TOMM40 RNA Transcription in Alzheimer’s Disease Brain and Its Implication in Mitochondrial Dysfunction

Round 1

Reviewer 1 Report

It is a well-written manuscript. The reviewer only has one minor comment.

Line 566-568. TOMM40 is an outer membrane protein. Mitochondrial mmebrane potential is dependent on the integrity of mitochondrial inner membrane. Could authors give some explanation how alteration of TOMM40 leads to depolarization of mitochondria membrane potential?

Author Response

1. Line 566-568. TOMM40 is an outer membrane protein. Mitochondrial membrane potential is dependent on the integrity of mitochondrial inner membrane. Could authors give some explanation how alteration of TOMM40 leads to depolarization of mitochondria membrane potential?"

Response: We add these following sentences to the end of Discussion section (lines 605-611): “TOMM40 encodes a translocase of outer mitochondrial membrane, and this channel-forming protein is essential for import of proteins into mitochondria (with two references cited). TOM40 protein plays a role in importing proteins for assembly of the mitochondrial inner membrane respiratory chain and mitochondrial matrix proteins involved in oxidative respiration. Increased TOMM40 RNA transcription associated with AD could lead to changes in mitochondrial protein import, which might affect maintenance of mitochondrial membrane potential and overall mitochondrial function.”

Reviewer 2 Report

 

The paper “TOMM40 RNA expression in Alzheimer’s disease brain and its implication in mitochondrial dysfunction” studies the expression of TOMM40 RNA in post-mortem brains of Alzheimer’s disease patients and its relation with mitochondrial dysfunction using cell lines. Additionally, the authors developed a novel assay to measure the TOMM40 RNA expression, avoiding the co-measurement of TOMM40 pseudogenes RNAs.

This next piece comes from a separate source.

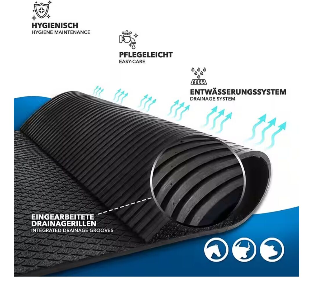 KARATOWE MATY GUMOWE DO STAJNI - - Stabilna mata wykonana w 80% z gumy pochodzącej z recyklingu i w 20% z kauczuku naturalnego - Łatwa do układania i antypoślizgowa powierzchnia - Do stajni, chodników, terenów zewnętrznych... - Ulga dla stawów + dobra przyczepność - Sprawdzona jakość Gumowa mata do stajni "Diamond Top" dla krów, świń i koni Odporna na zużycie mata stajenna wykonana z mieszanki gumy pochodzącej z recyklingu i kauczuku naturalnego jest idealna do wyposażenia obór dla krów, świń i koni. Przejścia do stajni, boksy, myjnie lub padoki można zatem ulepszyć za pomocą mat stajennych. Dzięki antypoślizgowej powierzchni zwierzę znajdzie optymalne oparcie nawet w mokrych warunkach, minimalizując ryzyko obrażeń. Efekt izolacyjny maty stajennej sprawia również, że podłoga jest przyjemnym miejscem dla krów, świń lub koni. Odciążająca i przyjazna dla stawów powierzchnia Struktura powierzchni zapewnia nie tylko pewny chwyt podczas chodzenia, ale także ogromny komfort, gdy zwierzęta stoją lub leżą. Dzięki odciążającemu gumowemu materiałowi stawy zwierząt są chronione, a ich samopoczucie ulega poprawie. Stabilna mata wytrzymuje zatem duże obciążenia, zapobiega poważnym urazom i zmniejsza stres. Zintegrowane rowki drenażowe umożliwiają również skuteczne odprowadzanie wody i płynów, dzięki czemu stajnia pozostaje czysta i sucha. Zintegrowane rowki drenażowe jako idealny system odprowadzania wody Funkcja drenażu jest szczególnie korzystna w przypadku hodowli zwierząt lub użytkowania na zewnątrz. Wbudowane z tyłu rowki umożliwiają szybkie i skuteczne odprowadzanie wody, zapobiegając jej gromadzeniu się podczas deszczu lub zamoczenia. Jest to również zaleta podczas czyszczenia za pomocą węża z wodą. Maty gumowe pozostają niezawodnie na swoim miejscu dzięki dużej masie własnej. Stabilna mata "Diamond Top" - Cechy produktu: - Materiał: 80% gumy z recyklingu i 20% kauczuku naturalnego - Wymiary produktu: 180 x 120 cm - Waga: 37 kg - Grubość: 17 mm - Higieniczna i łatwa do czyszczenia - Ze zintegrowanymi rowkami drenażowymi - Antypoślizgowa struktura powierzchni - Stopień twardości: 60+/-5A - Wytrzymałość na rozciąganie do 4 MPa - Odporność na temperaturę: -20°C do +80°C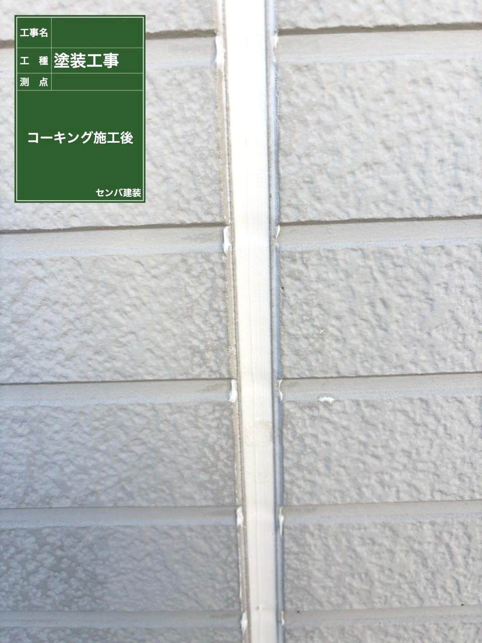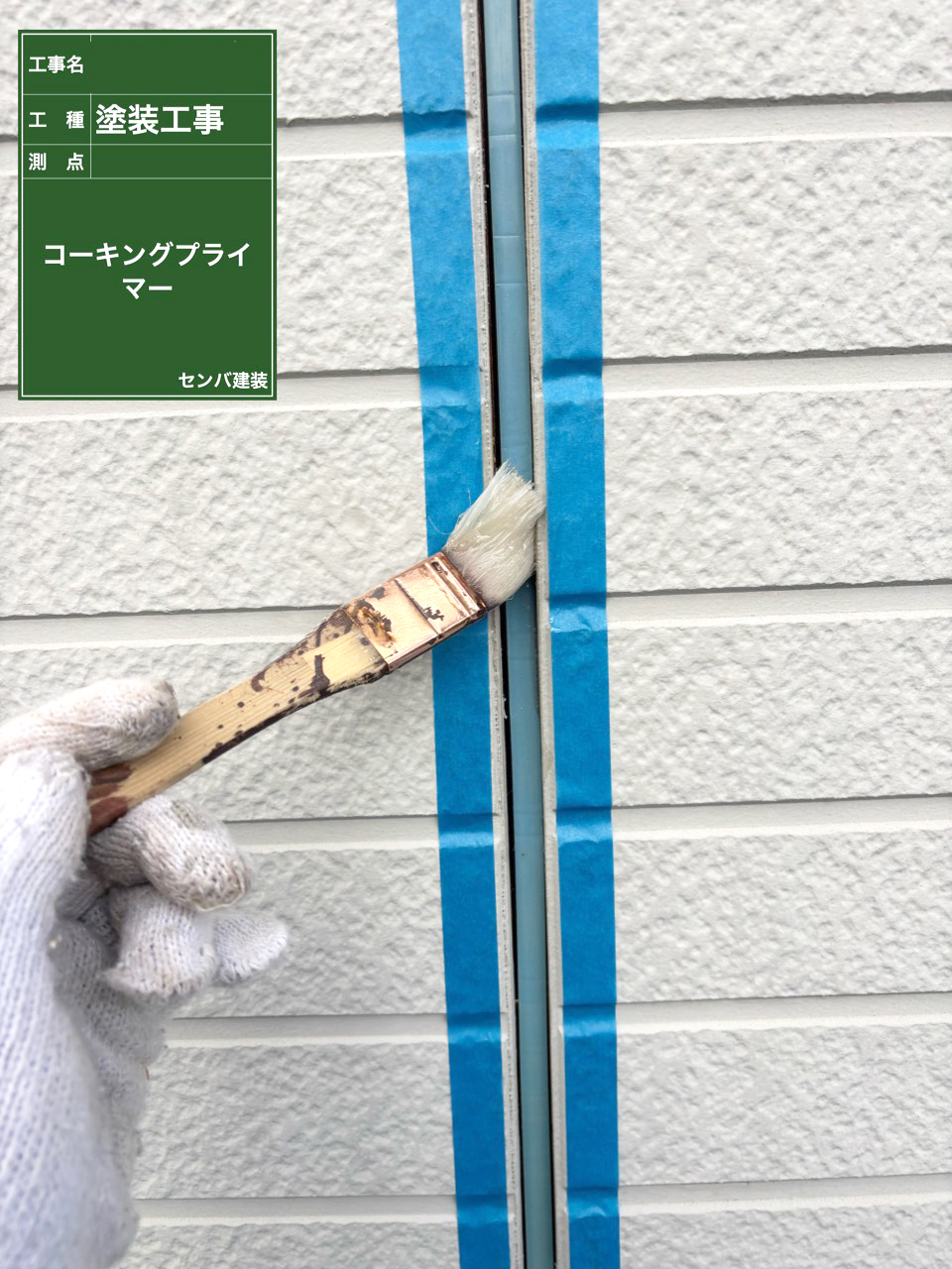 外壁のコーキングを打ち替えていきます。 コーキングはゴムのような素材のため、劣化すると割れやすくなります。 そこから雨水が入ると、雨漏りの原因になってしまうのです。 コーキングの劣化は、「弾力がない、落ち窪んで見える」ことで判断できます。 古いコーキングを切り出して、プライマー(新しいコーキングの定着をよくするもの)を塗ってから、 新しいコーキングを充填していきます。

The paper is very interesting, with useful information about the correct measurement of TOMM40 RNA expression. The authors explained why they recommend the quantification of the primary transcript of TOMM40 and not the spliced RNA, presenting the limitations of the current available methods. Also, the authors discuss the importance to study the role of TOMM40 pseudogenes in the control of TOM40 levels.

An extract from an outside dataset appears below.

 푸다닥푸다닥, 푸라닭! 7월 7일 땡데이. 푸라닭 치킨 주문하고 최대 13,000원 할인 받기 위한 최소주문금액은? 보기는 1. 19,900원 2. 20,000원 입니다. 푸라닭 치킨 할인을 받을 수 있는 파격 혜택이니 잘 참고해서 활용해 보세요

The paper is well-written and well-structured. I have only a few recommendations:  

1) 500µM Hydrogen peroxide was used to induce oxidative stress in cell lines. However, the authors did not explain the selection of this concentration of hydrogen peroxide. Did the authors tested several concentrations of hydrogen peroxide or did they follow the available literature? This question should be clarified in the manuscript.

2) The manuscript lacks a section of statistical analysis. What was the statistical test used to analyze the graphs in figure 4 and in figure 5? Are there statistical differences between the data of mtDNA copy number or of the mitochondrial membrane potential?

3) Please clarify and support the sentence: “Although expression levels are not 508 the same between primary transcript and spliced mRNA”.

4) In the discussion: “MtDNA copy number is a measure of the number of mitochondrial genomes per cell and is a proxy for mitochondrial function.” What is the bibliographic reference that supports the second part of this sentence? MtDNA is commonly accepted as an indicator of mitochondrial mass and it is not directly correlated to the mitochondrial function.

5) I would expect to read in the discussion more information regarding TOM40 and mtDNA and mitochondrial membrane potential. For example, why TOM40 levels are increased in Alzheimer’s disease brains? Is it possible that there is an increase of TOM40 levels to favor the mitochondrial import in case of reduced mitochondrial membrane potential?

6) The legend of the figure 1B lacks information about what is the P1, P1b/P2, P3 and P4. Thus, this legend is not self-explanatory.

Author Response

Response to Reviewer 2 Comments

1. 500µM Hydrogen peroxide was used to induce oxidative stress in cell lines. However, the authors did not explain the selection of this concentration of hydrogen peroxide. Did the authors tested several concentrations of hydrogen peroxide or did they follow the available literature? This question should be clarified in the manuscript.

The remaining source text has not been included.